4. The constant-temperature enzymolysis reaction tank as claimed in claim 3, wherein the adjusting structure comprises a stay cable, a first coil is fixedly arranged at the top of the installation cavity, an adjusting box is fixedly arranged at the top of the main auger, a second coil is fixedly arranged at the top of the inner cavity of the adjusting box, an electric push rod is further fixedly arranged in the adjusting box, limit rings are arranged on the telescopic rod and the telescopic cylinder, one end of the stay cable is fixedly connected with the telescopic rod through the limit ring, the other end of the stay cable enters the inner cavity of the main auger through a through hole formed in the outer diameter of the main auger and is fixedly connected with the electric push rod, an inner toothed ring is arranged at the bottom of the sealing cover, the inner toothed ring is positioned inside the outer toothed ring, and the gear is positioned between the inner toothed ring and the outer toothed ring.

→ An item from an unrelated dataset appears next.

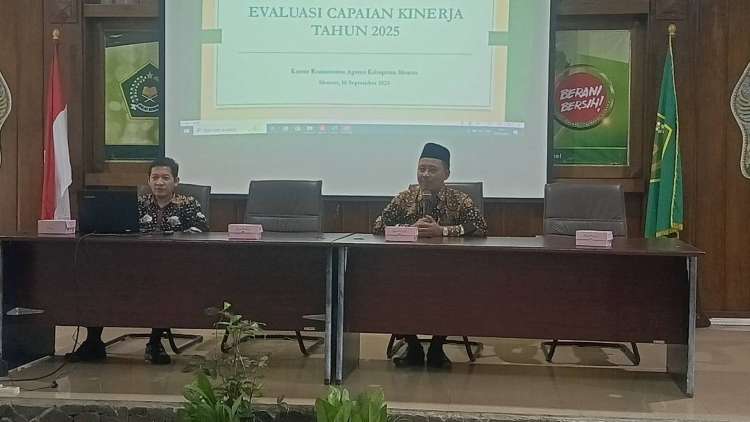 Kemang Sleman News – Kantor Kementerian Agama Kabupaten Sleman menegaskan komitmennya untuk menghadirkan birokrasi yang berdampak nyata bagi masyarakat. Hal itu ditegaskan dalam kegiatan Evaluasi Capaian Kinerja Tahun 2025 yang digelar di Aula Lantai 3 Kemenag Sleman, Rabu (10/9).

5. The constant-temperature enzymolysis reaction tank of claim 1, wherein the circulating water bath mechanism comprises a heating wire and a water pump, the water pump is fixedly installed at the bottom of the inner cavity of the heating box, the bottom of the heating box and the bottom of the suspension box are fixedly connected through a water inlet ring, the water pump is located on the inner side of the water inlet ring, a water inlet hole is formed in the water inlet ring, the heating wire is arranged between the outer wall of the suspension box and the inner wall of the heating box, and a backflow port is formed in the suspension box.

6. The constant-temperature enzymolysis reaction tank of claim 5, wherein the water inlet holes are provided with a plurality of groups and are uniformly distributed along the outer diameter of the water inlet ring.

7. The constant-temperature enzymolysis reaction tank of claim 1, wherein a buoyancy ring is fixed on the outer diameter of the enzymolysis tank, and a limiting plate is fixed on the inner wall of the suspension tank.